Ade Martín : Il n’était pas du tout le genre de producteur qui veut tout changer. On lui demandait : “tu préfères ça ou ça ?” et il nous répondait : “comme vous préférez”. On pourrait penser que ce n’est pas ça, être un bon producteur, mais en fait, c’est le meilleur producteur du monde ! À la fin, on s’est rendu compte qu’il comprenait totalement ce qu’est Hinds. Il n’a pas du tout voulu transformer l’album et voulait surtout retranscrire fidèlement notre musique, ce qu’on est vraiment.

Ce qu’il a fait, c’est qu’il a capturé précisément ce qu’on faisait en studio et ce que nous étions à un moment donné. Et il l’a vraiment bien fait !

LVP : D’ailleurs, quel est votre morceau préféré sur cet album ? Personnellement, j’aime beaucoup Linda.
Ana Perrote : C’est mon morceau préféré aussi. Enfin, j’hésite…

Amber Grimbergen : C’est dur d’en choisir une… J’adore jouer Finally Floating !

Ade Martín : Moi j’aime The Club.

Carlotta Cosials : J’hésite aussi… Sur scène, ma préférée est probablement Finally Floating, mais j’adore ce qu’on a fait sur Linda. J’aime aussi Tester, j’ai toujours du mal à croire qu’on ait fait cette chanson (rires) !

LVP : Il y a une chanson particulière sur cet album, qui dénote tant par ses paroles, que vous chantez en espagnol, en français et en anglais, que par la manière dont vous l’avez enregistrée.

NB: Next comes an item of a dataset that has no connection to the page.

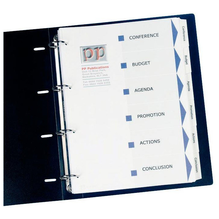 Jeu de 6 intercalaires personnalisables Index Maker en carte format A4. En carte bristol blanche 190 g. Sommaire et touches personnalisables. Réalisez en quelques instants avec votre logiciel habituel des présentations professionnelles et valorisantes : rapports, dossiers, appels d'offres... (formats pré paramétrés sur www.avery.fr/adpo). Sommaire, perforation et touches renforcées. Livré avec une planche d'étiquettes imprimables ou inscriptibles à coller sur les touches des intercalaires.
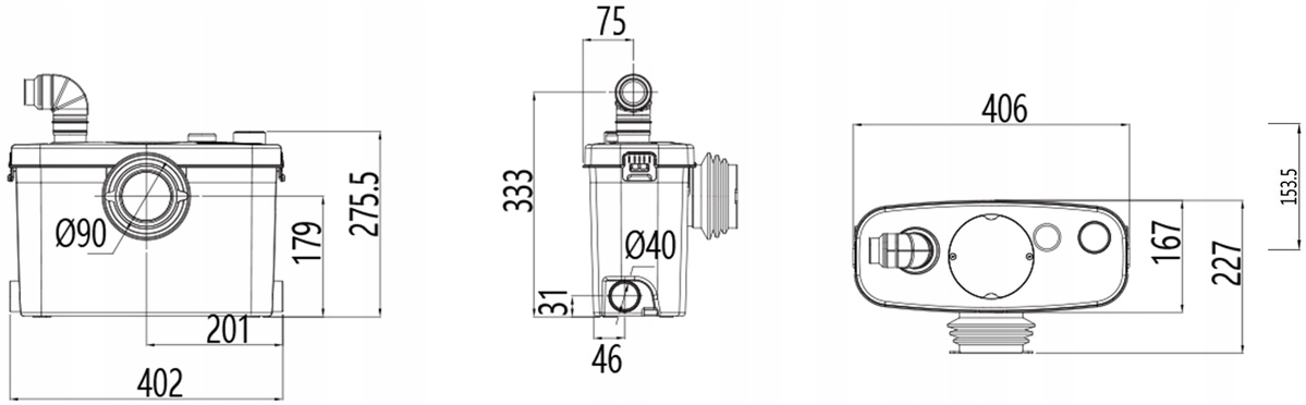 - Перевагою насоса є можливість підключення вхідного з обох боків. Мінімальна висота під’єднаного душового піддону або ванни – 15 см (в інших моделях – 25 см).

Ce morceau, c’est Ma Nuit. Est-ce que vous pouvez nous expliquer l’histoire qui se cache derrière ?
Ana Perrote : Tu dis ça parce qu’elle est en français (rires) !

Ade Martín : C’est une chanson qui vient d’une des sessions acoustiques qu’Ana et Carlotta faisaient chez elles. Elles l’ont enregistrée sur un téléphone, nous l’ont fait écouter et nous ont demandé : “qu’est-ce qu’on en fait ?”. Je me suis dit : “putain, on devrait le mettre comme ça sur l’album, elle est parfaite !”.

Amber Grimbergen : Oui, on ne voulait pas y toucher !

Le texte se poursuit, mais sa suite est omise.